Один за другим выносились из леса верховые, а на лугу придерживали коней и пускали их рысью.
— Наверно, охотники! — закричал Пал. — Отец, тётушка Оршик, поглядите с крыльца! Вон сокольничие показались. А собаки — собак целая свора! Те, что гарцуют на конях, видать, знатные господа. А вон там, сдаётся, будто бы женщина на белоснежном коне. Может, это сам король со своей блестящей свитой.
— Будь там король, — пустился в рассуждения Буйко, — на голове бы его сидела корона. Корона бы так сверкала, что отсюда было бы видно.
— Дурень ты, дурень! Неужто ты думаешь, что король постоянно таскает на себе корону? Да её с головы сучья сорвут, когда он галопом по лесу скачет.
— Был бы я королём, никогда б не снимал с головы корону! — заявил Буйко. — Даже ночью так и спал бы в ней.

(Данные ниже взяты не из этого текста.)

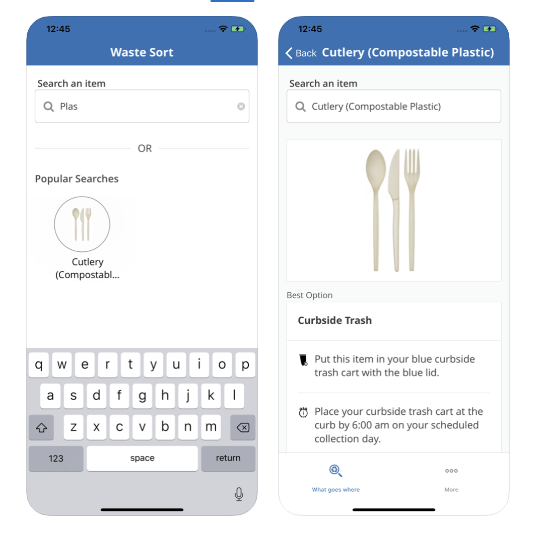 Also in the app or on our website, you can search the Waste Sort to find out if a material can be reused, donated, recycled, composted, or disposed of. Searching for items like rechargeable power drills, to aluminum foil, to old shirts is easy and a list of methods are provided for each item to make sure you dispose of your waste or other items properly.

Тем временем на пригорок с заливистым лаем выскочили собаки, за ними всадники на быстроногих конях; впереди королевский егермейстер в развевающемся зелёном кафтане.
Всадники, не сворачивая, неслись прямо к мельнице и осадили коней перед самым крыльцом. Буйко и Пал кубарем скатились с лестницы и стали перед гостями. Вытирая руки, вышла из дома тётушка Оршик. Егермейстер, придержав разгорячённого коня, заговорил так громогласно, будто глашатай перед многолюдной толпой:
— Слушай, мельник! Сегодня у тебя великое торжество. Король Матьяш со свитой пожалует сейчас к тебе во двор и попросит напиться!

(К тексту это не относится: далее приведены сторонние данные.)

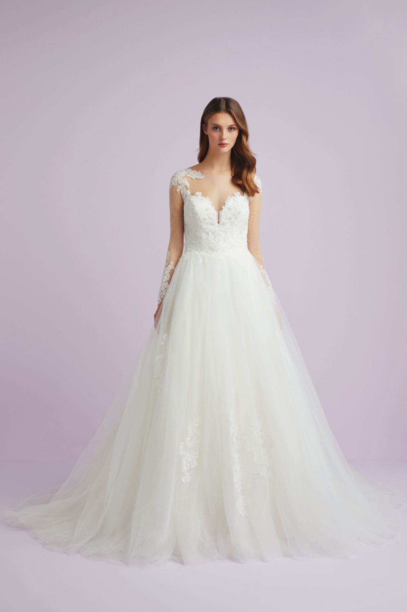 Oleg Cassini İllüzyon yaka, sırt-kol detaylı, üst kısmı payet işlemeli, uzun kollu ve tül etek kuyruklu Balo Tipi Gelinlik ile bütün gözler üstünüzde olacak.

— Король Матьяш? — ахнули в один голос хозяева.
А тётушка Оршик сломя голову бросилась в дом поискать сосуд для питья покрасивей.
И вот опять под ногами коней заколыхалась земля, и в следующее мгновение во двор мельницы галопом влетел король Матьяш. По правую руку от него скакал длинноусый старый витязь, по левую — на белоснежном коне такая красавица, что самой красоты краше. За ними — знатные господа, целое войско охотников. Лучники, загонщики, псари, а позади всех сокольничие с длинными палками с перекладиной, на которых сидели птицы-хищники.
— Доброе утро, мельник! — приветствовал хозяина король. — Полон ли ковш твоей мельницы?
— Полон, государь, — ответил старый Кинижи. — Благодарение королю и благодарение людям.
— Скажи, полководец Балаж Мадьяр, — обратился король к седоусому витязю, — как, по твоему разумению, следует понимать слова мельника?
— Э-э, государь, я уже стар, и не под силу мне такие загадки. Зато дочери моей милы мудрёные забавы. Ну, а во всём остальном мой разум, конечно, острее.
Король повернулся к девушке, сидевшей на белом коне.
— Что ж, Йoланка, если ты так же умна, как красива, тогда, без сомнения, разгадаешь загадку старого мельника.
Йоланка и впрямь была хороша собой. Быстрая скачка разрумянила её щеки, свежий утренний ветер подёрнул влагой глаза, и от этого блестели они во сто крат ярче.
— Короля мельник благодарит за то, — подумав немного, звонким голосом отвечала красавица, — что его величество охраняет мирный труд своего народа, а людей — за то, что они в поте лица добывают свой хлеб.
— В самую точку попала барышня, государь, потому что если б было иначе, то по ковшу моей мельницы гулял бы вольный ветер.
По душе пришлось сказанное королю Матьяшу. Даже суровый Балаж Мадьяр при этих словах усмехнулся в усы. Но тут из-за спины прекрасной Йоланки выехал вперёд витязь в платье цвета безвременника.[5] Его охотничий костюм сверкал драгоценными каменьями, но лицо было бледно, как цвет его одежды, а из-под высокой шапки свисали густые жёлтые локоны. Витязь подскакал к Кинижи, едва не сбив его с ног. Перегнувшись через седло, он уставился на макушку старого мельника.
— Как посмел ты, мужик, с таким лукавством и чванством отвечать самому королю?
Хотелось, наверно, жёлтому витязю чем-нибудь перед королём отличиться, да только не нуждался король Матьяш в хлопотах непрошеного ходатая.
— Ты неправ, кондотьер[6] Голубaн. Ответ мельника разумен и мудр. Он славный старик, и мы не ошиблись, наведавшись к нему во двор.